RMT-match: an unsupervised 3D medical image registration network based on RMT and wavelet convolution.
Authors
Affiliations (2)
Affiliations (2)
- Business School, University of Shanghai for Science and Technology, Shanghai 200093, People's Republic of China.
- School of Optical-Electrical and Computer Engineering, University of Shanghai for Science and Technology, Shanghai 200093, People's Republic of China.
Abstract
Deformable image registration plays a crucial role in the field of medical image analysis. Although medical image registration (MIR) models based on vision transformer (ViT) can establish long-range dependencies between patches, their core component, self-attention, lacks important spatial priors. Meanwhile, the down-sampling operation similar to the U-Net structure in MIR tasks leads to the loss of spatial information. Traditional convolutional down-sampling is more sensitive to high-frequency information.
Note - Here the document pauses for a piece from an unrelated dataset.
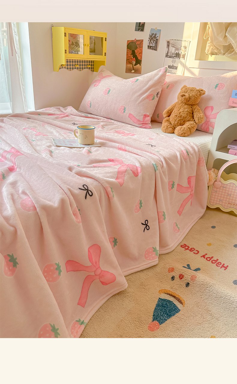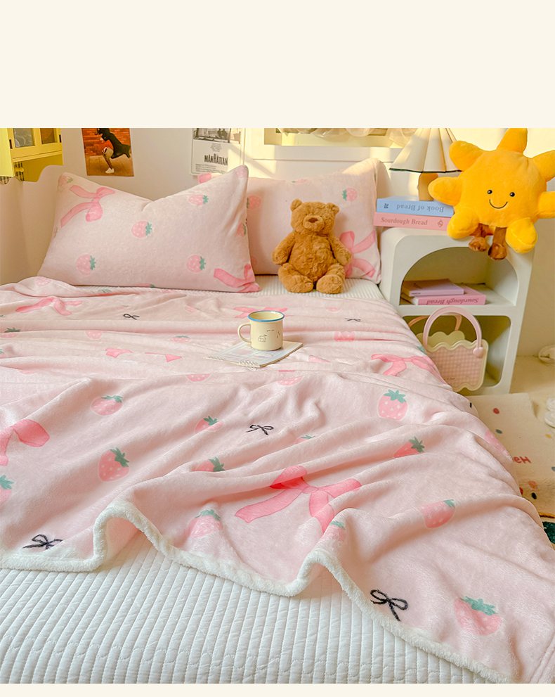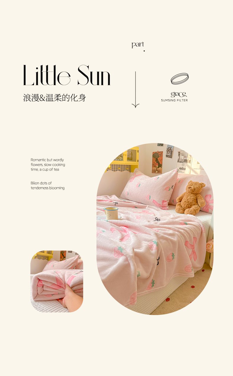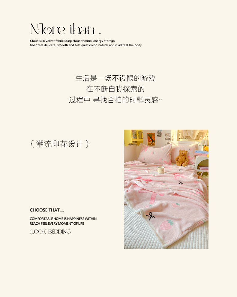 商品名称:韩巢家纺 2025新款四季可用牛奶绒多功能毛毯 草莓园

Although high-frequency information such as image edges and details is more important for 3D MIR tasks, information containing low-frequency components like the overall image contour is also crucial during the multi-scale sampling process. To address these issues, this paper proposes a novel deformable MIR framework called RMT-Match. This framework extends the traditional Retentive Networks Meet vision transformers (RMT) structure to a 3D form. It refines the spatial attenuation matrix in RMT based on the Manhattan distance to enhance the self-attention mechanism, thereby introducing 3D spatial prior information. Moreover, it adopts the attention decomposition form of RMT to alleviate the burden of global modeling. In addition, this paper proposes a 3D wavelet convolutional down-sampling module and achieves multi-frequency responses to the input data to make up for the deficiencies of ordinary convolutional down-sampling. After thorough experimental validation on the IXI and OASIS datasets, the RMT network has proven to be a promising approach in the field of MIR. Compared to the traditional CNN-based VoxelMorph method, RMT achieved performance improvements of 5.3% on the IXI dataset and 2.7% on the OASIS dataset. Furthermore, compared to the state-of-the-art transformer-based method TransMatch, it achieved performance gains of 0.1% and 0.7% while reducing the parameter count by 40%, thereby balancing model performance with computational efficiency. These results further confirm the significant advantages and potential of this method for MIR tasks.